### DIRECTIONS:
What you return must be the exact lines of the material below, from the first through the one that has "Pies Morze, Pies, Pomost, Zachód", with no pictures and, please, nothing else.

### SUPPLIED DATA:
◇ ◇ ◇ ◇ ◇
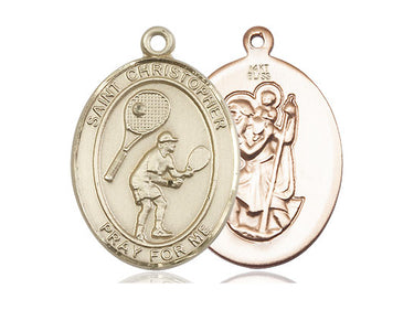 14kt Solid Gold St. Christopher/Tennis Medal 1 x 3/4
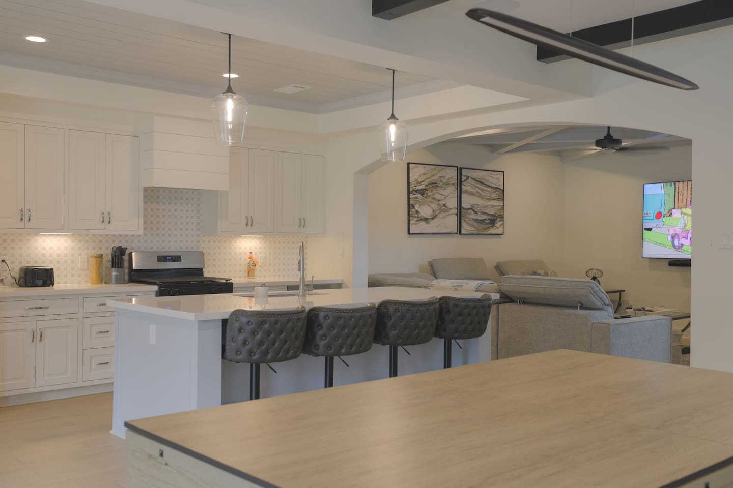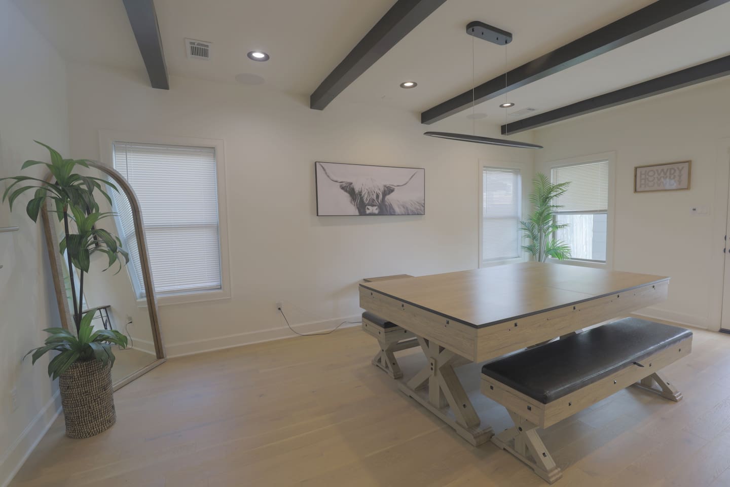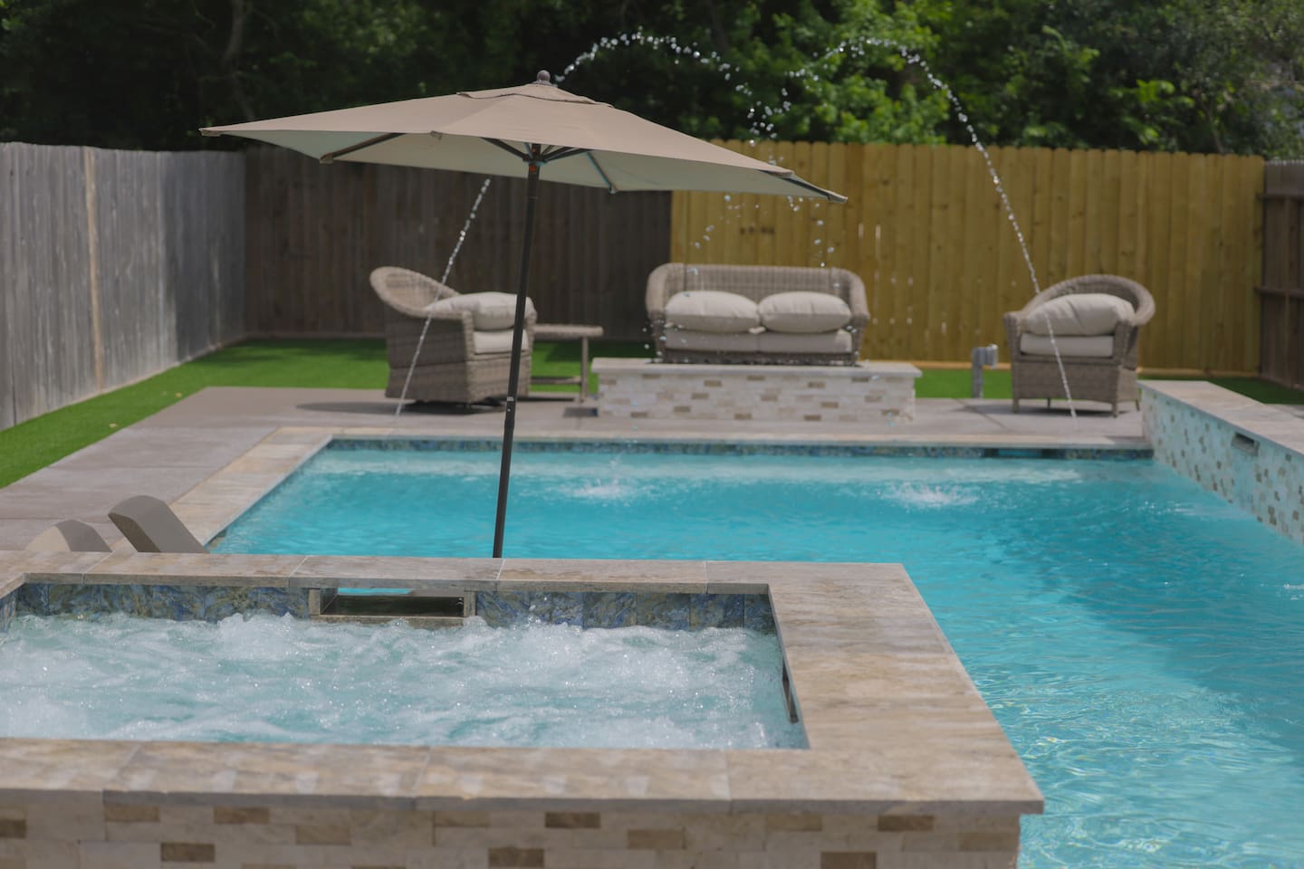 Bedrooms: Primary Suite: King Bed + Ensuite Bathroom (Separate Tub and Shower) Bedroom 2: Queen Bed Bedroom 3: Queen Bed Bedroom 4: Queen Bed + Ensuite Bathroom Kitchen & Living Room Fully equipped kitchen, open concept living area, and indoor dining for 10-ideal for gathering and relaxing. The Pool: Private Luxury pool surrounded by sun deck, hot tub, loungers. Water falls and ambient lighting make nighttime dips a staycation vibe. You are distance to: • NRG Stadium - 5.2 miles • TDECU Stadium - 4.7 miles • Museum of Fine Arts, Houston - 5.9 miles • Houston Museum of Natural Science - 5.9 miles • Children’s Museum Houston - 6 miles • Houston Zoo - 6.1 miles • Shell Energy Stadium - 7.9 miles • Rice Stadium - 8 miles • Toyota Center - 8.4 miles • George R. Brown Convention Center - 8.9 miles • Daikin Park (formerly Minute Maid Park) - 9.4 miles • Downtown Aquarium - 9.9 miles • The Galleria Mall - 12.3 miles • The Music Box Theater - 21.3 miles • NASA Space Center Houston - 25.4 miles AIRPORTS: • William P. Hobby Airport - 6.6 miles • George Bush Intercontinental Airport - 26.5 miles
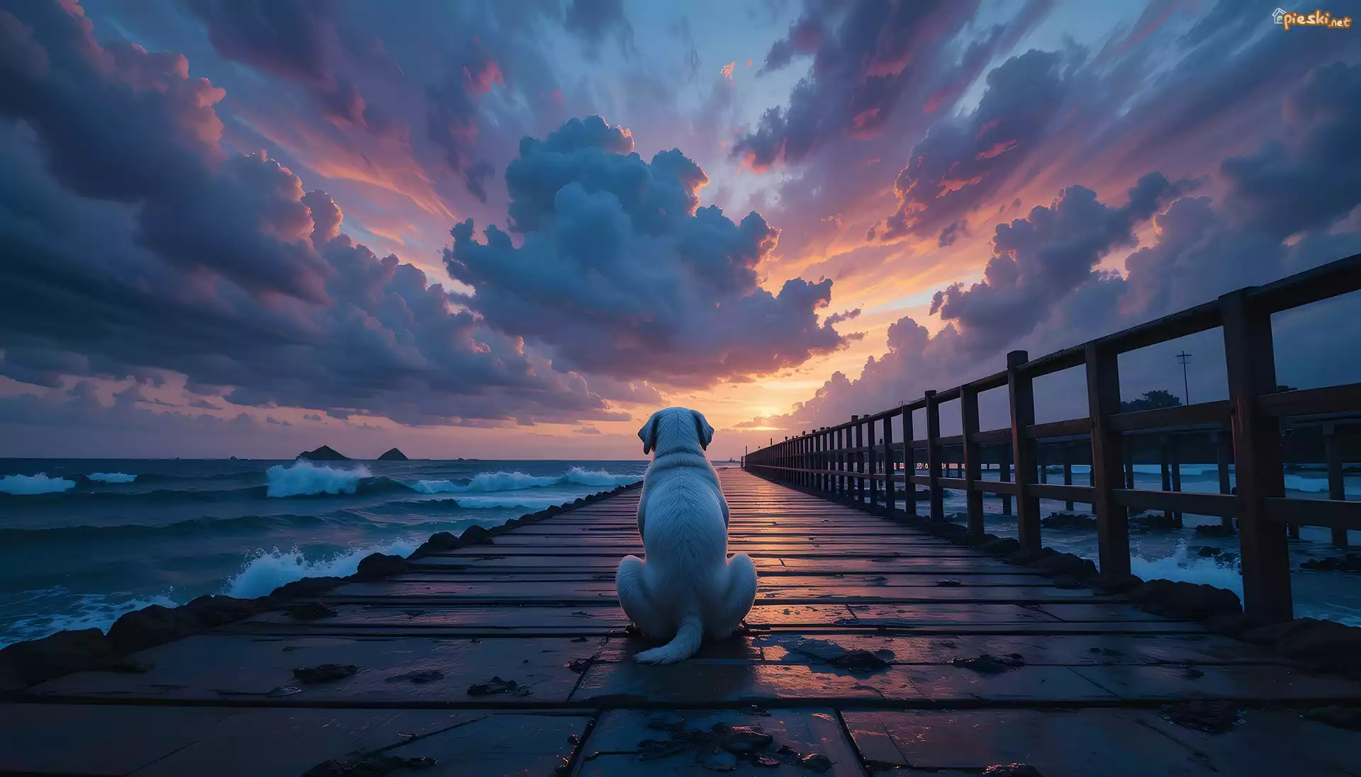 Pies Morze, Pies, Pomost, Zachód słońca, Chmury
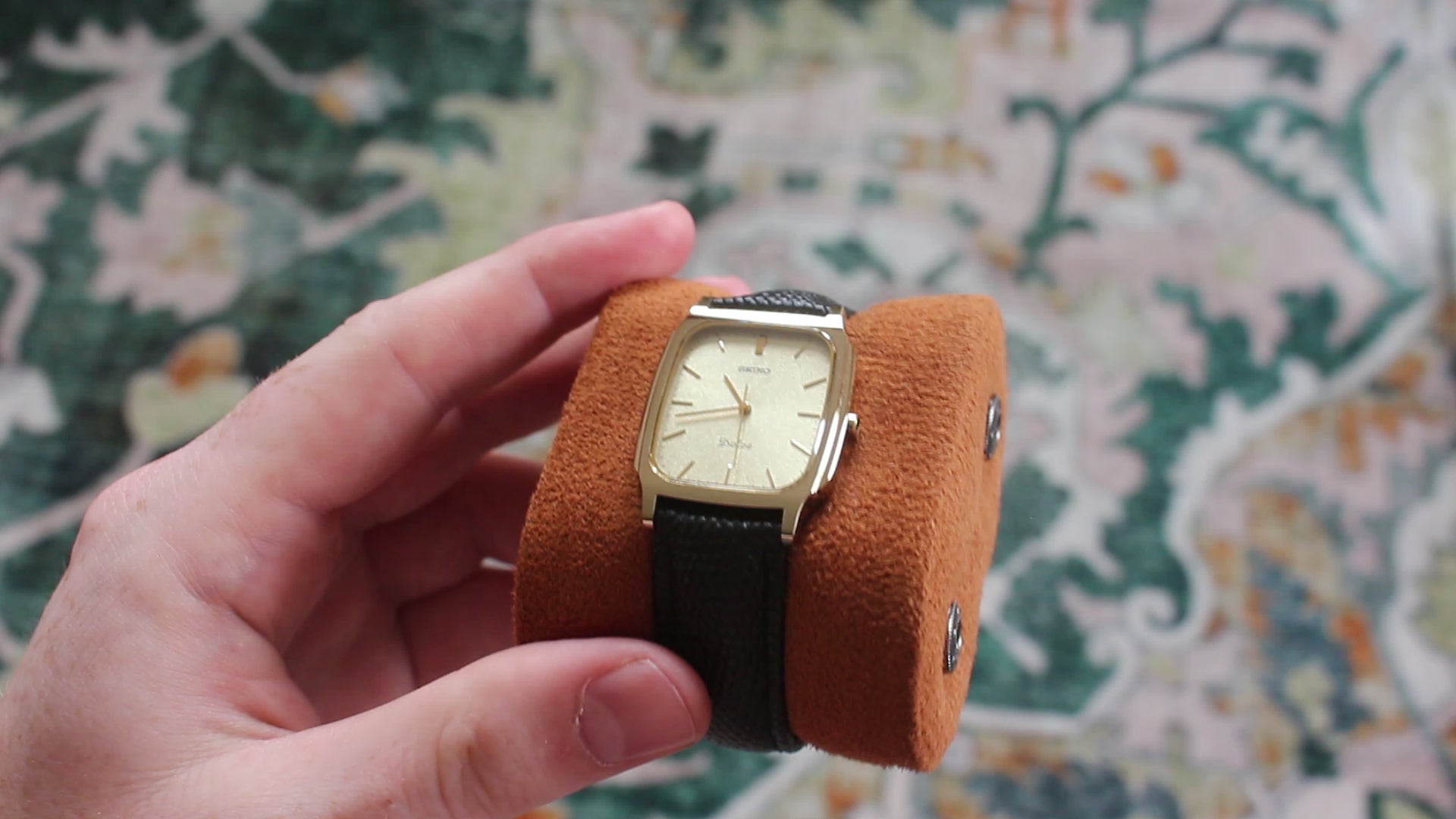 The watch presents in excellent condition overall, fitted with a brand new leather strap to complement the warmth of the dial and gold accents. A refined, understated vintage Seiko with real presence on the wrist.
◇ ◇ ◇ ◇ ◇
### WRITTEN REPLY:
 14kt Solid Gold St. Christopher/Tennis Medal 1 x 3/4
 Bedrooms: Primary Suite: King Bed + Ensuite Bathroom (Separate Tub and Shower) Bedroom 2: Queen Bed Bedroom 3: Queen Bed Bedroom 4: Queen Bed + Ensuite Bathroom Kitchen & Living Room Fully equipped kitchen, open concept living area, and indoor dining for 10-ideal for gathering and relaxing. The Pool: Private Luxury pool surrounded by sun deck, hot tub, loungers. Water falls and ambient lighting make nighttime dips a staycation vibe. You are distance to: • NRG Stadium - 5.2 miles • TDECU Stadium - 4.7 miles • Museum of Fine Arts, Houston - 5.9 miles • Houston Museum of Natural Science - 5.9 miles • Children’s Museum Houston - 6 miles • Houston Zoo - 6.1 miles • Shell Energy Stadium - 7.9 miles • Rice Stadium - 8 miles • Toyota Center - 8.4 miles • George R. Brown Convention Center - 8.9 miles • Daikin Park (formerly Minute Maid Park) - 9.4 miles • Downtown Aquarium - 9.9 miles • The Galleria Mall - 12.3 miles • The Music Box Theater - 21.3 miles • NASA Space Center Houston - 25.4 miles AIRPORTS: • William P. Hobby Airport - 6.6 miles • George Bush Intercontinental Airport - 26.5 miles
 Pies Morze, Pies, Pomost, Zachód słońca, Chmury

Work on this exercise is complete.